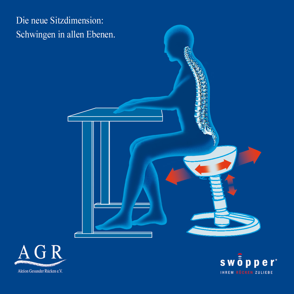 Wissenschaftlich erwiesen ist, dass z. B. der 3D-Aktiv-Stuhl swopper mehr als doppelt so viel Bewegung beim Sitzen möglich macht wie normale Bürostühle. Das aktive Sitzen auf dem federgelagerten Sitz hält die Muskulatur aktiv, ist gut für die Haltung, entlastet die inneren Organe und regt den Kreislauf an. Und weil diese Art der Bewegung - spontan und intuitiv - dem natürlichen Bewegungsdrang des Menschen entspricht, ist das aeris-Konzept der 3D-Ergonomie auch mit der Auszeichnung "besonders bewegend" von der Bundesarbeitsgemeinschaft für Haltungs- und Bewegungsförderung prämiert worden.
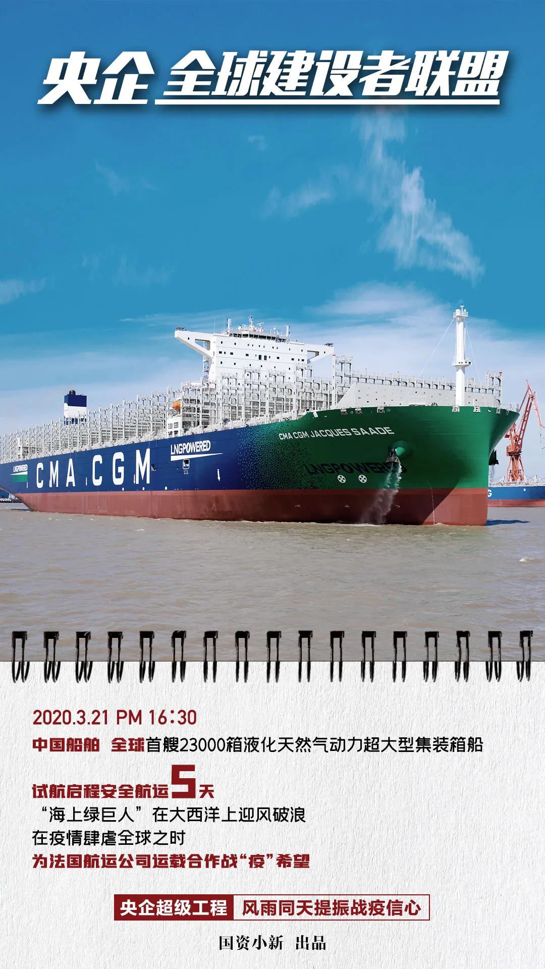 ????今天,國(guó)資小新發(fā)布圖文消息《央企全球建設(shè)者聯(lián)盟:風(fēng)雨同天提振國(guó)際合作戰(zhàn)疫信心!》。開(kāi)篇提到中國(guó)船舶集團(tuán)所屬滬東中華建造的全球首艘23000箱液化天然氣(LNG)動(dòng)力集裝箱船開(kāi)啟常規(guī)試航之旅,在疫情肆虐全球之時(shí),為法國(guó)航運(yùn)公司運(yùn)載合作戰(zhàn)“疫”希望。
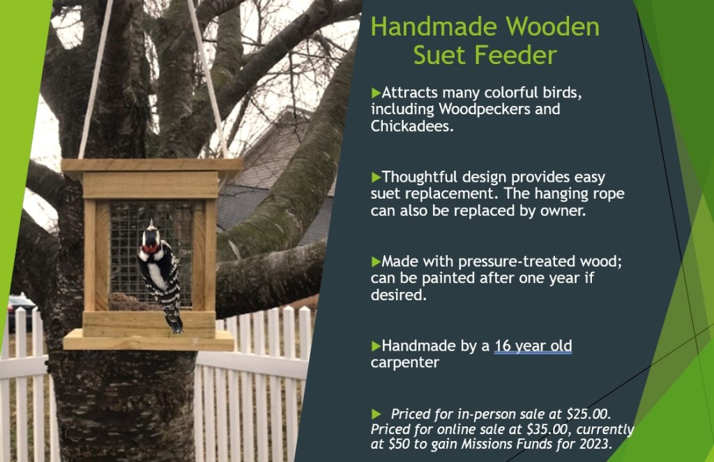 This handmade wooden suet feeder attracts many colorful birds. The thoughtful design allows for easy suet replacement. This suet feeder sells, unpainted, for $50.00 — this is the Missions Fundraising Price – thank you for contributing to this great cause! Allow 2 – 3 weeks for delivery after order is completed. Thank you!
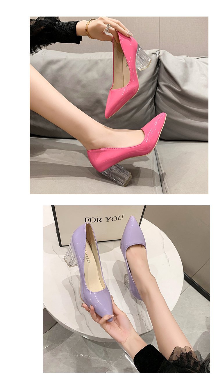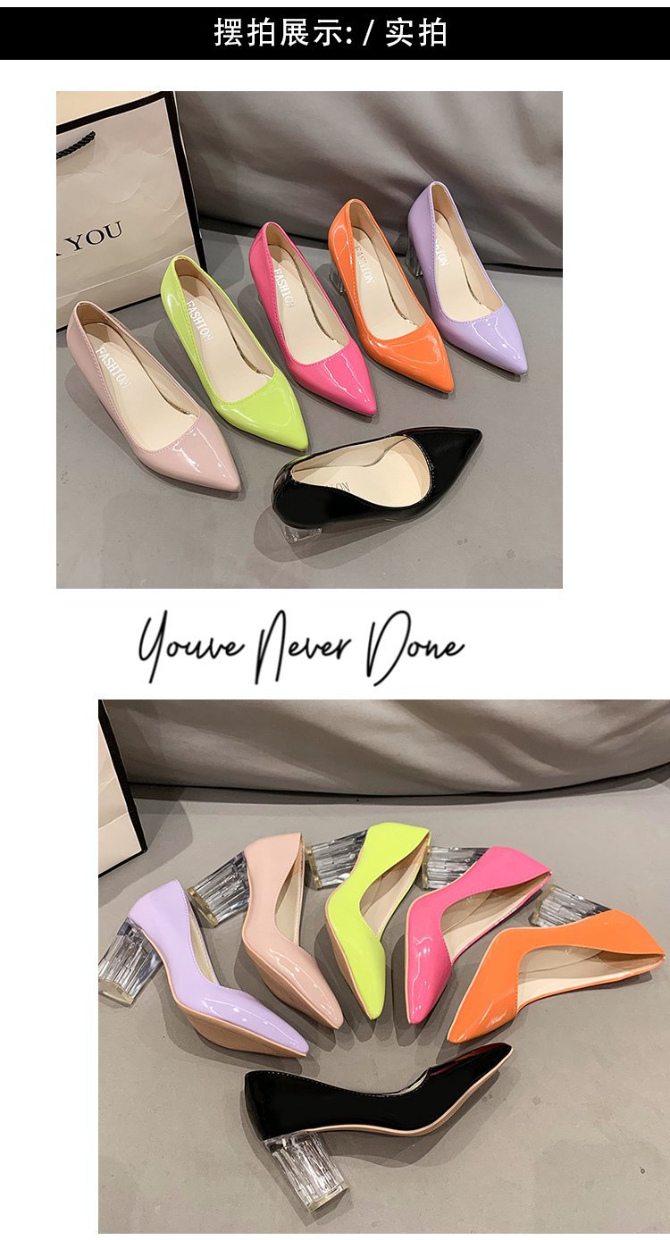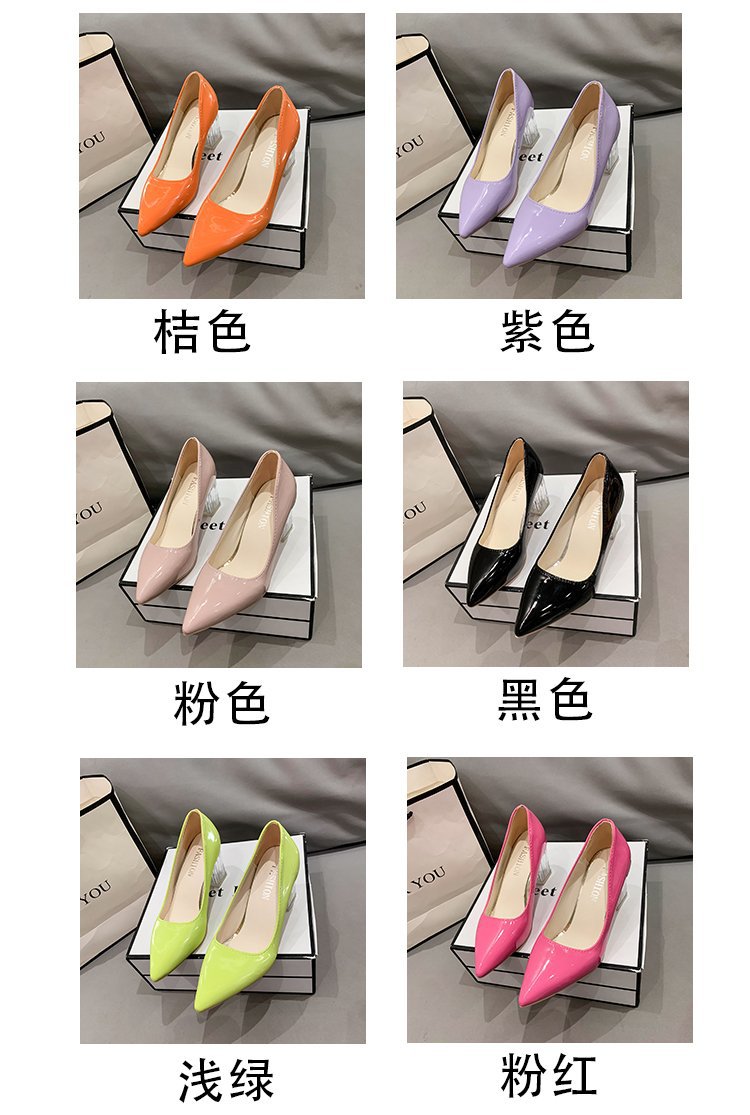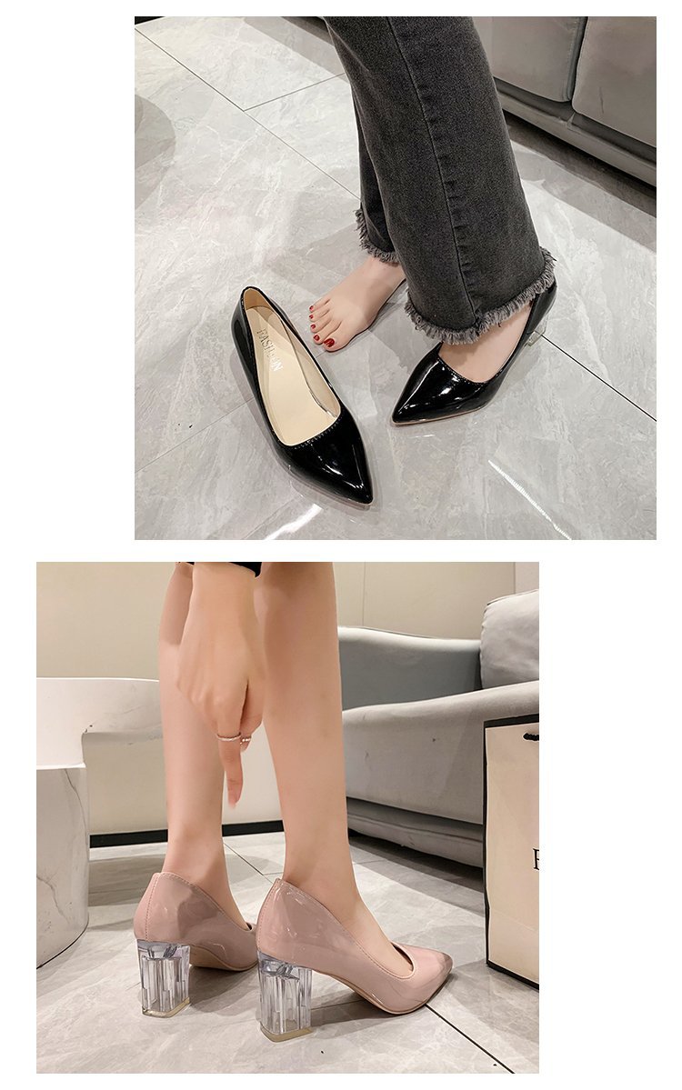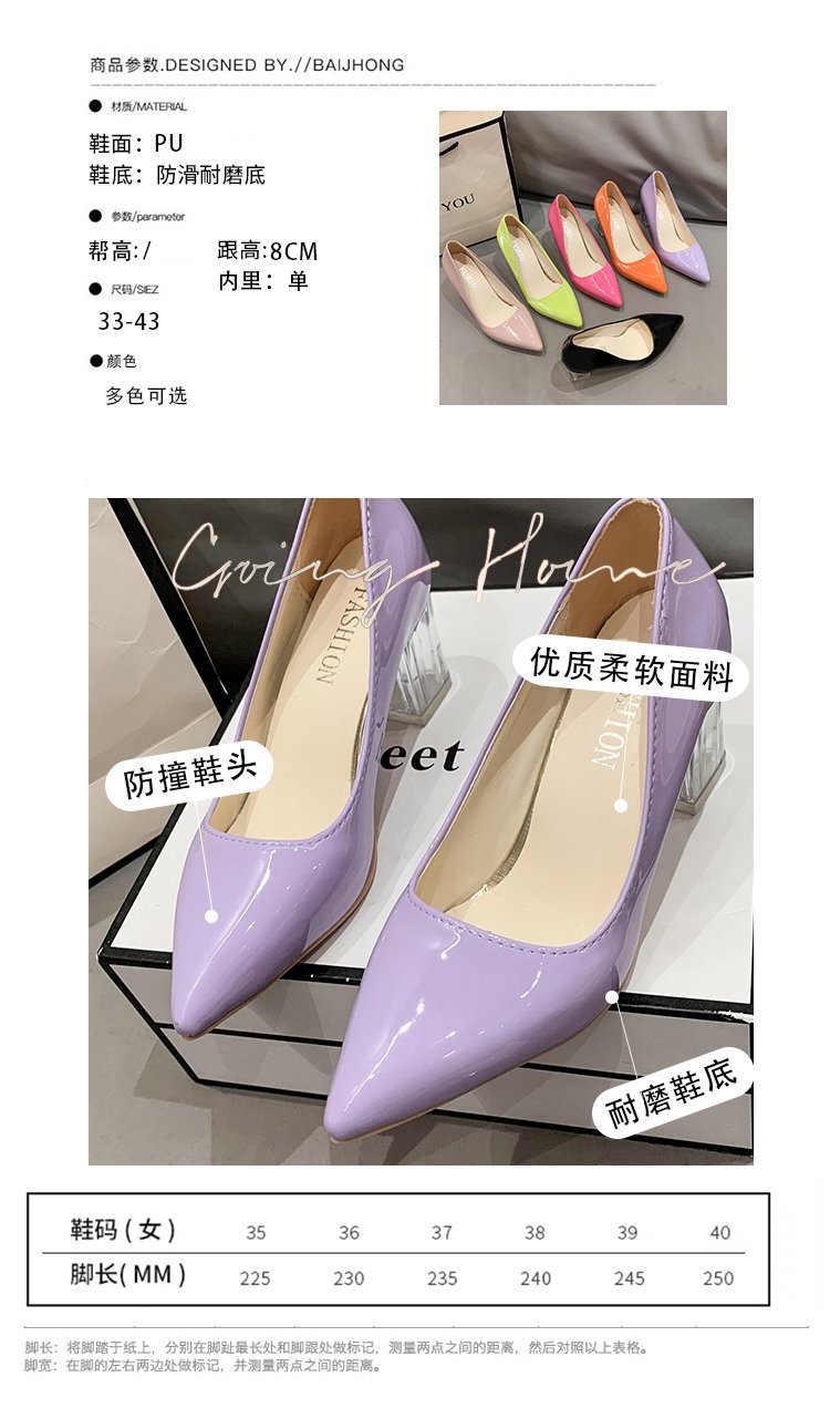 크기 35-43 플러스 사이즈 유럽과 미국 하이힐 여성용 41 작업 신발 에나멜 가죽 여성 신발 패션 뾰족한 얕은 시크 힐 싱글 신발스토어 가기

**Exercise details**
Give the listing again exactly, excluding pictures.

**Written answer**
 Wissenschaftlich erwiesen ist, dass z. B. der 3D-Aktiv-Stuhl swopper mehr als doppelt so viel Bewegung beim Sitzen möglich macht wie normale Bürostühle. Das aktive Sitzen auf dem federgelagerten Sitz hält die Muskulatur aktiv, ist gut für die Haltung, entlastet die inneren Organe und regt den Kreislauf an. Und weil diese Art der Bewegung - spontan und intuitiv - dem natürlichen Bewegungsdrang des Menschen entspricht, ist das aeris-Konzept der 3D-Ergonomie auch mit der Auszeichnung "besonders bewegend" von der Bundesarbeitsgemeinschaft für Haltungs- und Bewegungsförderung prämiert worden.
 ????今天,國(guó)資小新發(fā)布圖文消息《央企全球建設(shè)者聯(lián)盟:風(fēng)雨同天提振國(guó)際合作戰(zhàn)疫信心!》。開(kāi)篇提到中國(guó)船舶集團(tuán)所屬滬東中華建造的全球首艘23000箱液化天然氣(LNG)動(dòng)力集裝箱船開(kāi)啟常規(guī)試航之旅,在疫情肆虐全球之時(shí),為法國(guó)航運(yùn)公司運(yùn)載合作戰(zhàn)“疫”希望。
 This handmade wooden suet feeder attracts many colorful birds. The thoughtful design allows for easy suet replacement. This suet feeder sells, unpainted, for $50.00 — this is the Missions Fundraising Price – thank you for contributing to this great cause! Allow 2 – 3 weeks for delivery after order is completed. Thank you!
 크기 35-43 플러스 사이즈 유럽과 미국 하이힐 여성용 41 작업 신발 에나멜 가죽 여성 신발 패션 뾰족한 얕은 시크 힐 싱글 신발스토어 가기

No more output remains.